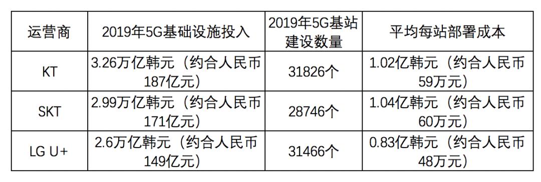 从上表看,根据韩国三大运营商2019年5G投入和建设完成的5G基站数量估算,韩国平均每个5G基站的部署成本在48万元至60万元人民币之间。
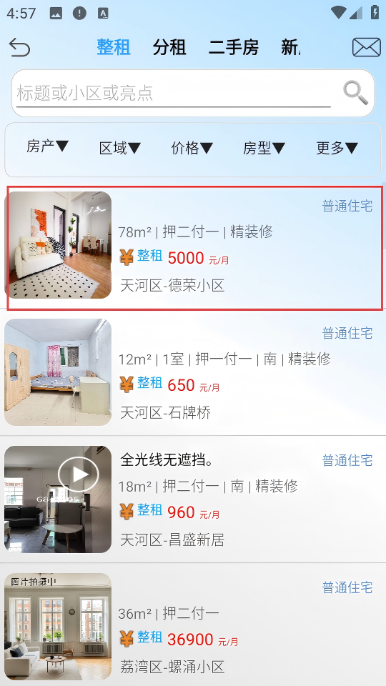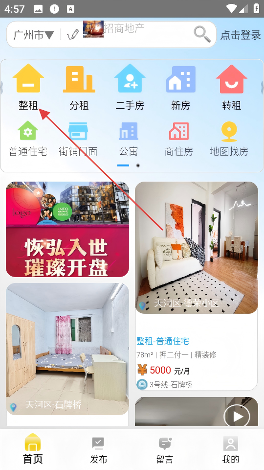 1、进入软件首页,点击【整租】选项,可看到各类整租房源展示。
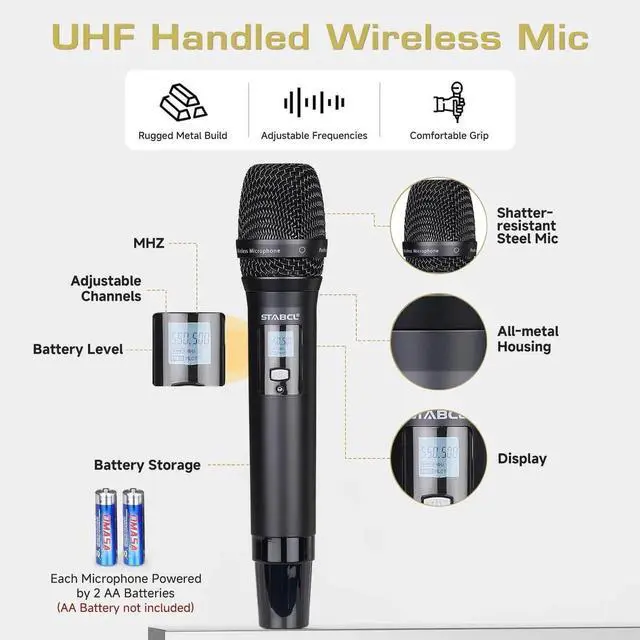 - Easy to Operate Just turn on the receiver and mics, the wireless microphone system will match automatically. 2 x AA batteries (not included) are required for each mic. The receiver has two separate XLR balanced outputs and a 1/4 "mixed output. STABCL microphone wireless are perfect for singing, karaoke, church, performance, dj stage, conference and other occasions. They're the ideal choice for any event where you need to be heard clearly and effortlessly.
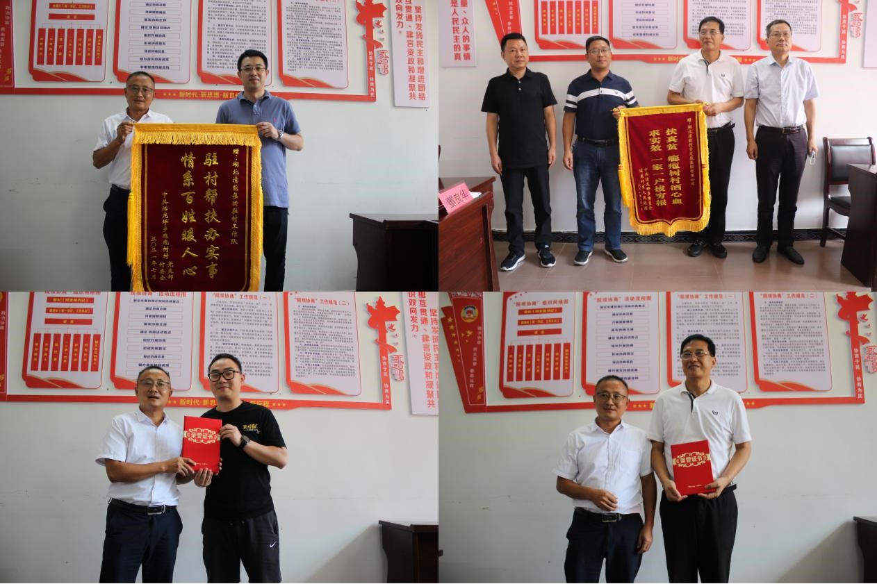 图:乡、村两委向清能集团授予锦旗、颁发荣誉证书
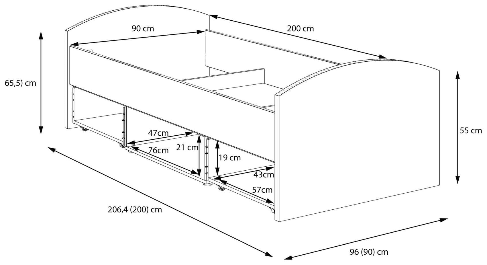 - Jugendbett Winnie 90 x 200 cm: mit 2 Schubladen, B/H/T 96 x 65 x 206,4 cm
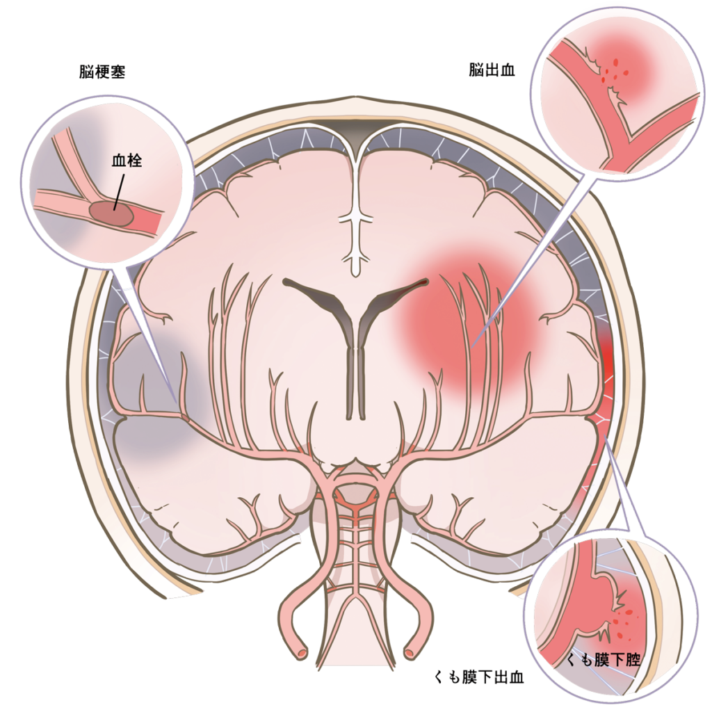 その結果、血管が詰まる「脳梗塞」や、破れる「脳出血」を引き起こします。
+-------+
ACTION ITEM: Exactly as written, give the entries above again, with no images.

SOLVED EXERCISE:
 从上表看,根据韩国三大运营商2019年5G投入和建设完成的5G基站数量估算,韩国平均每个5G基站的部署成本在48万元至60万元人民币之间。
 1、进入软件首页,点击【整租】选项,可看到各类整租房源展示。
 - Easy to Operate Just turn on the receiver and mics, the wireless microphone system will match automatically. 2 x AA batteries (not included) are required for each mic. The receiver has two separate XLR balanced outputs and a 1/4 "mixed output. STABCL microphone wireless are perfect for singing, karaoke, church, performance, dj stage, conference and other occasions. They're the ideal choice for any event where you need to be heard clearly and effortlessly.
 图:乡、村两委向清能集团授予锦旗、颁发荣誉证书
 - Jugendbett Winnie 90 x 200 cm: mit 2 Schubladen, B/H/T 96 x 65 x 206,4 cm
 その結果、血管が詰まる「脳梗塞」や、破れる「脳出血」を引き起こします。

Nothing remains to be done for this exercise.